TASK DIRECTIONS:
Below are the records; extract from them the line containing "So, I looked" to the line containing "will be provided", both lines included, exactly and with no pictures.

[[ RECORDED INFORMATION open ]]

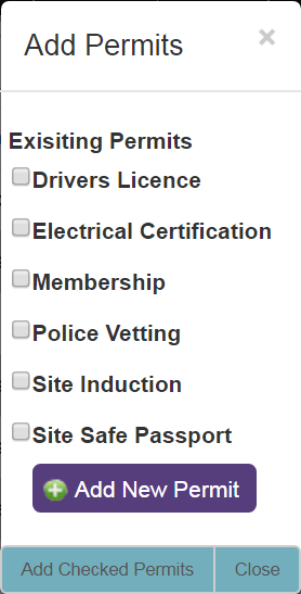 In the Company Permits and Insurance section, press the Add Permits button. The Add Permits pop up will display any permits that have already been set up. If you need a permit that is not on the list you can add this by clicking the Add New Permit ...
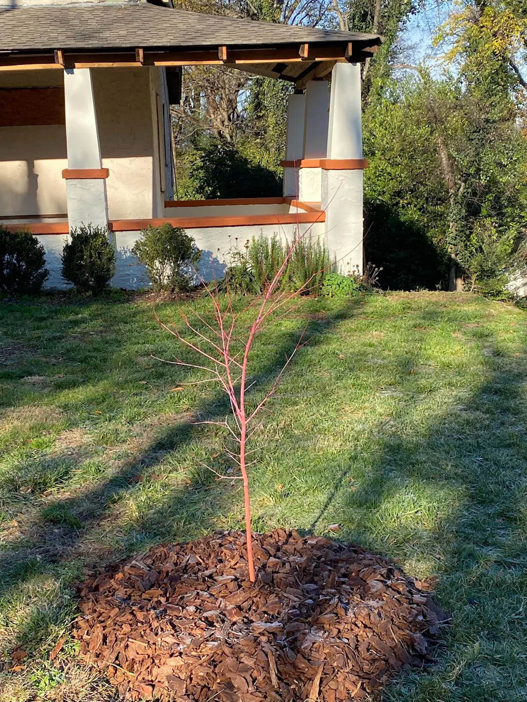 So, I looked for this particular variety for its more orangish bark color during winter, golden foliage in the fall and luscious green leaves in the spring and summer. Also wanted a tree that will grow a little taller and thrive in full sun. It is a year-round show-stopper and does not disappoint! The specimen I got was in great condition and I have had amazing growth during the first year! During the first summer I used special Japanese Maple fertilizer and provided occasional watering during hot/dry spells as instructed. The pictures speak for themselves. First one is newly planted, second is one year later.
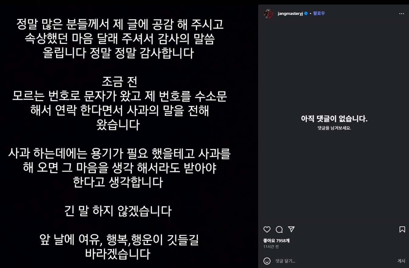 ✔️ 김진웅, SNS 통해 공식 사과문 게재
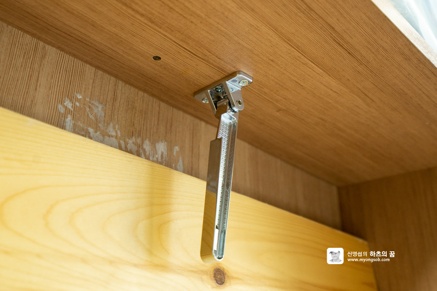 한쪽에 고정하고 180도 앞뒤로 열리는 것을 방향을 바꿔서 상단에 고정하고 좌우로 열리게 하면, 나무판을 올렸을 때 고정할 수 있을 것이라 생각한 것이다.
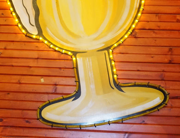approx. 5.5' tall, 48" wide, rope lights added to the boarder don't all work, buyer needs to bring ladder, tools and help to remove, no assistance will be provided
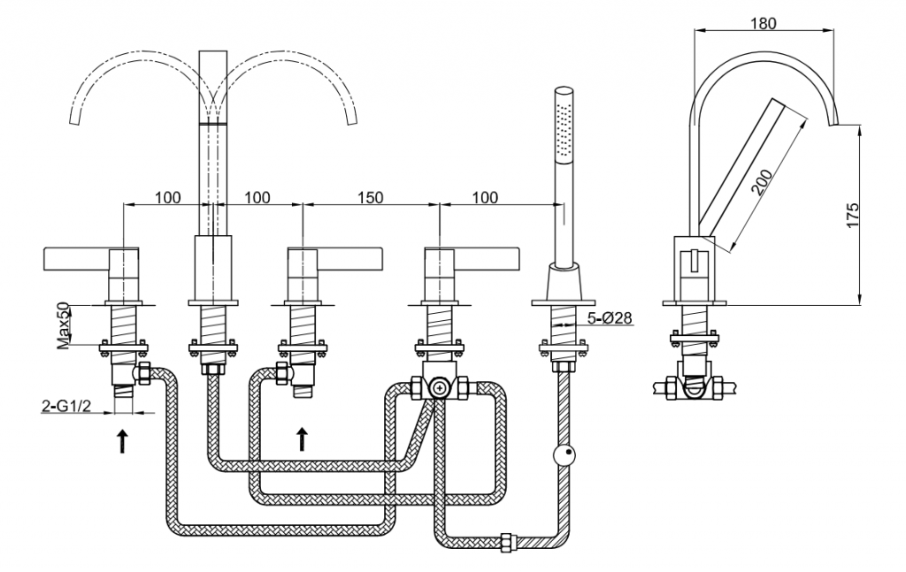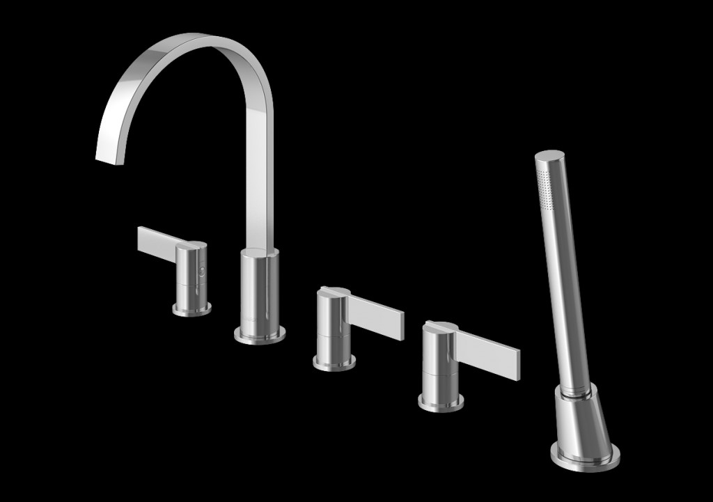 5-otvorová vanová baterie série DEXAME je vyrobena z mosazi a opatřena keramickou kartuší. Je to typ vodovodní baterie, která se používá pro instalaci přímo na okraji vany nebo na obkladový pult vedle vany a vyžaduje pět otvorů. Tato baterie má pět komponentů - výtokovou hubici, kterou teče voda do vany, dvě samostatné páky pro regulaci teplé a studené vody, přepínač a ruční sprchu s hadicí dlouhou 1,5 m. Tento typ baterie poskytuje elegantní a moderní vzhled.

[[ RECORDED INFORMATION closed ]]

EXERCISE ANSWER:
 So, I looked for this particular variety for its more orangish bark color during winter, golden foliage in the fall and luscious green leaves in the spring and summer. Also wanted a tree that will grow a little taller and thrive in full sun. It is a year-round show-stopper and does not disappoint! The specimen I got was in great condition and I have had amazing growth during the first year! During the first summer I used special Japanese Maple fertilizer and provided occasional watering during hot/dry spells as instructed. The pictures speak for themselves. First one is newly planted, second is one year later.
 ✔️ 김진웅, SNS 통해 공식 사과문 게재
 한쪽에 고정하고 180도 앞뒤로 열리는 것을 방향을 바꿔서 상단에 고정하고 좌우로 열리게 하면, 나무판을 올렸을 때 고정할 수 있을 것이라 생각한 것이다.
approx. 5.5' tall, 48" wide, rope lights added to the boarder don't all work, buyer needs to bring ladder, tools and help to remove, no assistance will be provided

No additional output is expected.